> ASSIGNED TASK: Give again, word for word, every line in the entries below from the line with "Blanc Okénite MOSU – Teinte gratuite" up to and including the line with "檀紙地区では、地区の文化祭や", and no other line.

=======

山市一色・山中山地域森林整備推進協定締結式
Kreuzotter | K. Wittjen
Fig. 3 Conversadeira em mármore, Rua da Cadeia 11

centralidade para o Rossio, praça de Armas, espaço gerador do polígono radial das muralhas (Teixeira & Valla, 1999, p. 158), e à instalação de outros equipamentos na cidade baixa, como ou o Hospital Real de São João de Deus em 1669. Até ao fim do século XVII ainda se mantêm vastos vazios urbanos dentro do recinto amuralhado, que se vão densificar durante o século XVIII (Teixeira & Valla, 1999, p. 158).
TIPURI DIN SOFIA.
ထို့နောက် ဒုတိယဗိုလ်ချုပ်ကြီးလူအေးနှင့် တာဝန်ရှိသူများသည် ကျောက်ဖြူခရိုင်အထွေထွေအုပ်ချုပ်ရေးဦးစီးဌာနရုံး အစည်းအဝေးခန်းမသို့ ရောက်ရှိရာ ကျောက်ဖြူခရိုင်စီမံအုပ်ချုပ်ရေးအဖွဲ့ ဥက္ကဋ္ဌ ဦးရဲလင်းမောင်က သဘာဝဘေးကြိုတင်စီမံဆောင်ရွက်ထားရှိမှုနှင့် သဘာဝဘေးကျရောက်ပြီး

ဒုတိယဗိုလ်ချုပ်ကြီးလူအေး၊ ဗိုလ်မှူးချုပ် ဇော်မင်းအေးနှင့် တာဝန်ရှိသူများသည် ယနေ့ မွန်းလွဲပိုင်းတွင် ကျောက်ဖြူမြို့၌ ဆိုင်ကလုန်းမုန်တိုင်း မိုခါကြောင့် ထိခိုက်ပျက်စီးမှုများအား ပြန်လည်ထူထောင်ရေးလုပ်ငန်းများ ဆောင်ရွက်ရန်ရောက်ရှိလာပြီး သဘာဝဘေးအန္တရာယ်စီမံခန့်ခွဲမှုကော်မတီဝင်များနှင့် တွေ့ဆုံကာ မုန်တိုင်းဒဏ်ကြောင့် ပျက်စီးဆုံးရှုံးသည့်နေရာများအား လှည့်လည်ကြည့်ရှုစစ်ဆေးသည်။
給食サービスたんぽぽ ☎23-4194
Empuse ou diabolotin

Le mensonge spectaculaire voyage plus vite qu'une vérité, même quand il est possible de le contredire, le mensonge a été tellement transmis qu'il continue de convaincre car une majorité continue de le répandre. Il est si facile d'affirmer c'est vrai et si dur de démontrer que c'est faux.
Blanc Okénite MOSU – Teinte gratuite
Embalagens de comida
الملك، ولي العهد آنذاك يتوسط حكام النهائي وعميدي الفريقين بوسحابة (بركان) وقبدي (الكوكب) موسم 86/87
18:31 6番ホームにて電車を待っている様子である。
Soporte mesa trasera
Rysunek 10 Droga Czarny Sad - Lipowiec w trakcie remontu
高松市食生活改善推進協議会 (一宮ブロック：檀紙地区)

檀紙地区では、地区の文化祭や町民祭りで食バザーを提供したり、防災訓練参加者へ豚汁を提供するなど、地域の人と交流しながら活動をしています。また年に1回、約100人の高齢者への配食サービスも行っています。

=======

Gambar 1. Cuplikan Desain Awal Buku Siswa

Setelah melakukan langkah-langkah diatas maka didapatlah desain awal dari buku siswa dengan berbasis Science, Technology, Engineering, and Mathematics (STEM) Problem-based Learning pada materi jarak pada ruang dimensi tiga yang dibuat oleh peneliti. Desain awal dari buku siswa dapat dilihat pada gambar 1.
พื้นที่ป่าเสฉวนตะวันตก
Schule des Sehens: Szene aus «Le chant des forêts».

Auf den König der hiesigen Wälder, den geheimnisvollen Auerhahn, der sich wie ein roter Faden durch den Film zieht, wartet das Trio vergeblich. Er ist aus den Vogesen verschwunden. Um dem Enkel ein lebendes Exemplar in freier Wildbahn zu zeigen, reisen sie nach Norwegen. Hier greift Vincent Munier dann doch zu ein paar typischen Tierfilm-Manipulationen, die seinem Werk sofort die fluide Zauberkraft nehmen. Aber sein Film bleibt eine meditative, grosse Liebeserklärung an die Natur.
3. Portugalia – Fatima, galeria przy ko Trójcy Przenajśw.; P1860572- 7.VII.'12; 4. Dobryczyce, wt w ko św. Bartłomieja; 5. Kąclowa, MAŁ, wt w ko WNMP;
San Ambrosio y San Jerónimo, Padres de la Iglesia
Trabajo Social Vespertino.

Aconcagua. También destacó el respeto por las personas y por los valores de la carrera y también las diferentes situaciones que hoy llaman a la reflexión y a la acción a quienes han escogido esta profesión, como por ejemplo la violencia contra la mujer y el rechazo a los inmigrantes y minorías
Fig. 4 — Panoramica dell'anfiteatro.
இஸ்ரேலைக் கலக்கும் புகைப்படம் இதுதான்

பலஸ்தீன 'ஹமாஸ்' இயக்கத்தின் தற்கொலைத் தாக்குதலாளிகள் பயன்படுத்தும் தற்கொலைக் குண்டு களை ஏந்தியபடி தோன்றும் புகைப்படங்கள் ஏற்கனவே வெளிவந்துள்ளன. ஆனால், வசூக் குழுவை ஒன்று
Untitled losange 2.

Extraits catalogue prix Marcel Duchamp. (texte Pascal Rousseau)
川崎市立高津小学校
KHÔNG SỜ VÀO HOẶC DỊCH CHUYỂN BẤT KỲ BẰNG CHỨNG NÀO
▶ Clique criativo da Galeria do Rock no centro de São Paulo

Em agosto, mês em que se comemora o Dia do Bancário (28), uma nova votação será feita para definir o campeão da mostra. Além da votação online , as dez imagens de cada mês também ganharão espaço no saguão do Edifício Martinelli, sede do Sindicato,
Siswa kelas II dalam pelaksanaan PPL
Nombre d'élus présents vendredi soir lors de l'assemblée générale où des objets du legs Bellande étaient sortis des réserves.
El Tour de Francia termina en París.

=======

> RESULT BELOW:
Blanc Okénite MOSU – Teinte gratuite
Embalagens de comida
الملك، ولي العهد آنذاك يتوسط حكام النهائي وعميدي الفريقين بوسحابة (بركان) وقبدي (الكوكب) موسم 86/87
18:31 6番ホームにて電車を待っている様子である。
Soporte mesa trasera
Rysunek 10 Droga Czarny Sad - Lipowiec w trakcie remontu
高松市食生活改善推進協議会 (一宮ブロック：檀紙地区)

檀紙地区では、地区の文化祭や町民祭りで食バザーを提供したり、防災訓練参加者へ豚汁を提供するなど、地域の人と交流しながら活動をしています。また年に1回、約100人の高齢者への配食サービスも行っています。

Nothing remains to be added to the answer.